» **Activity**:
Drop every image, then reproduce the data exactly as given.

» **Records drawn from a dataset**:
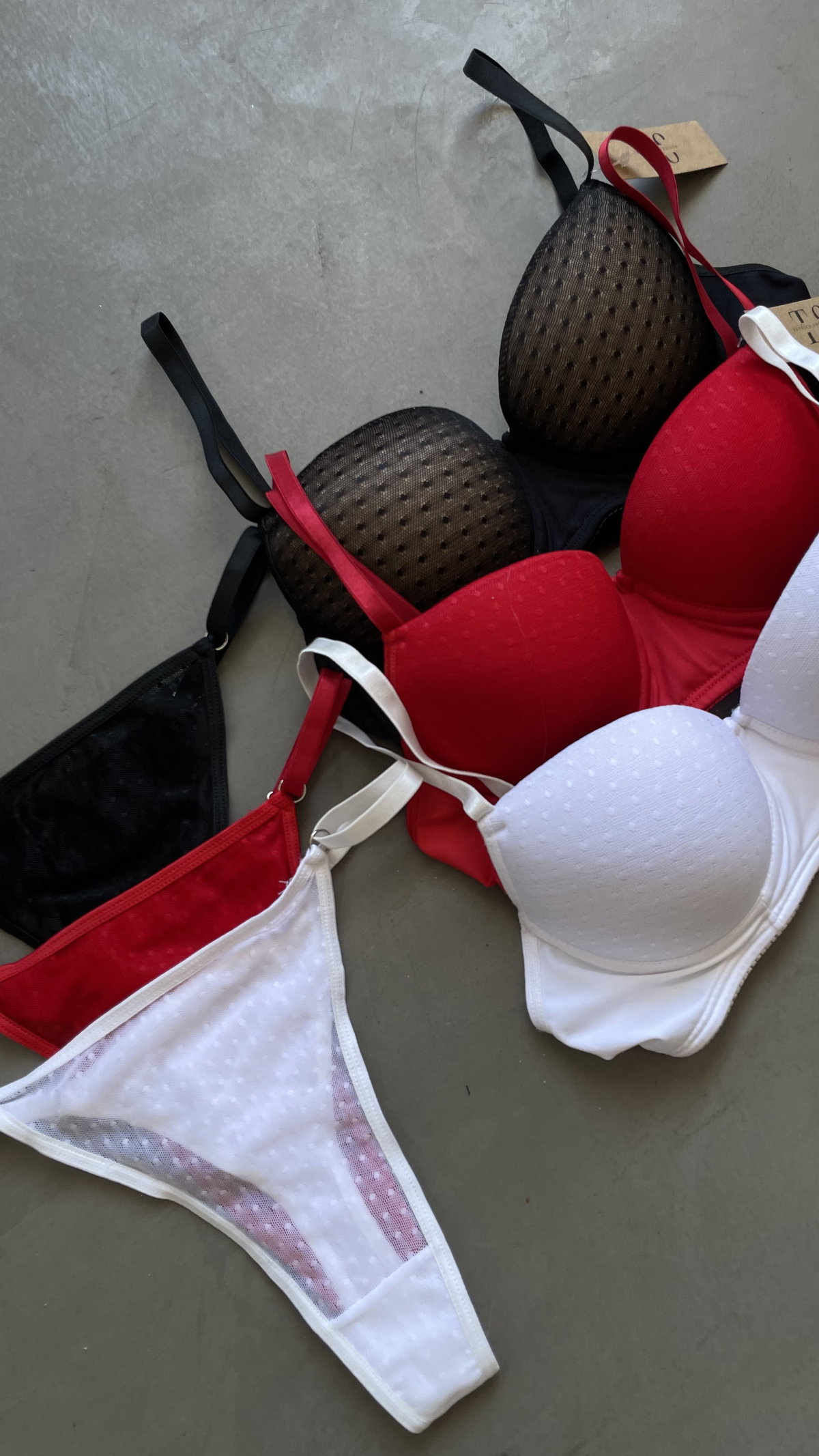 Conjunto de microfibra con puntitos, corpiño con push up y aro. bombacha colaless.
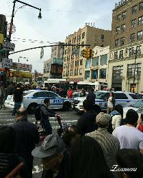 (明報28日訊)法拉盛市中心昨日發生一起搶劫案件,3名非裔青年在大白天向一家位於緬街近羅斯福大道的華人飾品店行搶,該店老闆及老闆娘因追趕搶匪卻遭到匪徒打傷,老闆娘被匪徒擊倒在地受傷,手摀面部。多名路人見狀報警後,109分局警察和救護車隨後趕到,將受害者送往附近醫院救治。
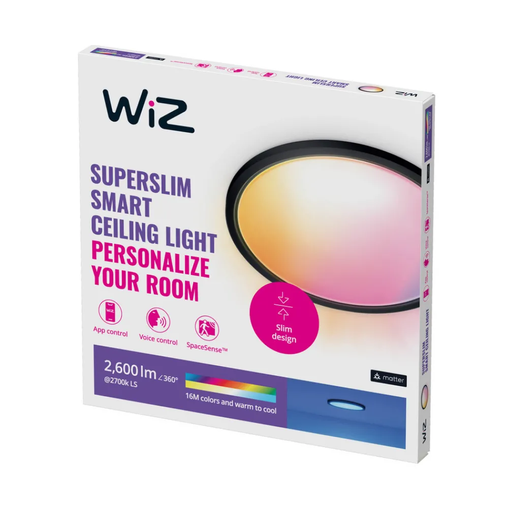 WiZ SuperSlim LED-taklampe RGBW Ø42cm svart Clearance
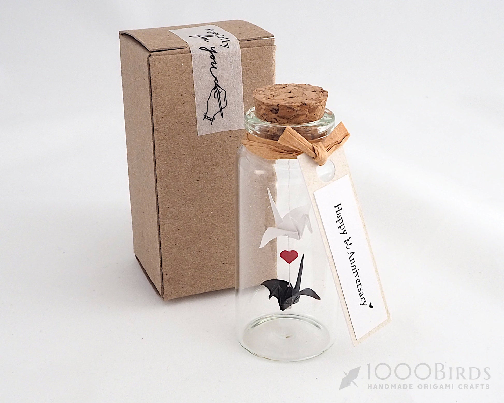 Personalized “I Carry Your Heart” Origami Crane Mini Bottle – Christmas Ornament & Paper Anniversary Keepsake
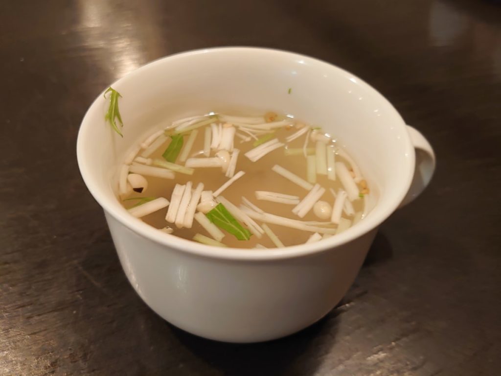 スープ、サラダ、ライスまたはパンが付いてきます。
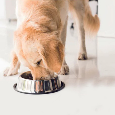 Plato de acero inoxidable, durable, resistente y fácil de limpiar. Ideal para mascotas de talla grande.
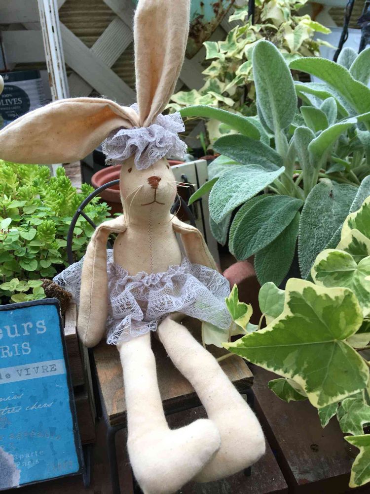 緑が多くなってきたベランダで。ラムズイヤーガーデン成長著しい。ラムズイヤーにちなんで、ミニうさぎとパチリ。どっちが主役?
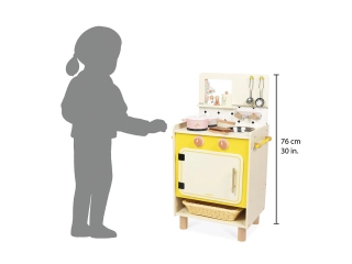 Con su cocina de madera, los niños a partir de 3 años podrán soñar locas recetas en la cocina e imitar a los mayores.
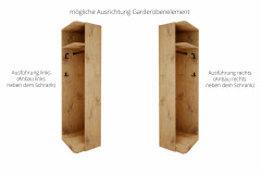 - Garderobenelement: offen, mit 1 Huthaken (in Griffausführung), 1 Mantelhaken (in Griffausführung), 1 Ablage-Boden und 1 Kleiderstange (schwarz)

» **Answer box**:
 Conjunto de microfibra con puntitos, corpiño con push up y aro. bombacha colaless.
 (明報28日訊)法拉盛市中心昨日發生一起搶劫案件,3名非裔青年在大白天向一家位於緬街近羅斯福大道的華人飾品店行搶,該店老闆及老闆娘因追趕搶匪卻遭到匪徒打傷,老闆娘被匪徒擊倒在地受傷,手摀面部。多名路人見狀報警後,109分局警察和救護車隨後趕到,將受害者送往附近醫院救治。
 WiZ SuperSlim LED-taklampe RGBW Ø42cm svart Clearance
 Personalized “I Carry Your Heart” Origami Crane Mini Bottle – Christmas Ornament & Paper Anniversary Keepsake
 スープ、サラダ、ライスまたはパンが付いてきます。
 Plato de acero inoxidable, durable, resistente y fácil de limpiar. Ideal para mascotas de talla grande.
 緑が多くなってきたベランダで。ラムズイヤーガーデン成長著しい。ラムズイヤーにちなんで、ミニうさぎとパチリ。どっちが主役?
 Con su cocina de madera, los niños a partir de 3 años podrán soñar locas recetas en la cocina e imitar a los mayores.
 - Garderobenelement: offen, mit 1 Huthaken (in Griffausführung), 1 Mantelhaken (in Griffausführung), 1 Ablage-Boden und 1 Kleiderstange (schwarz)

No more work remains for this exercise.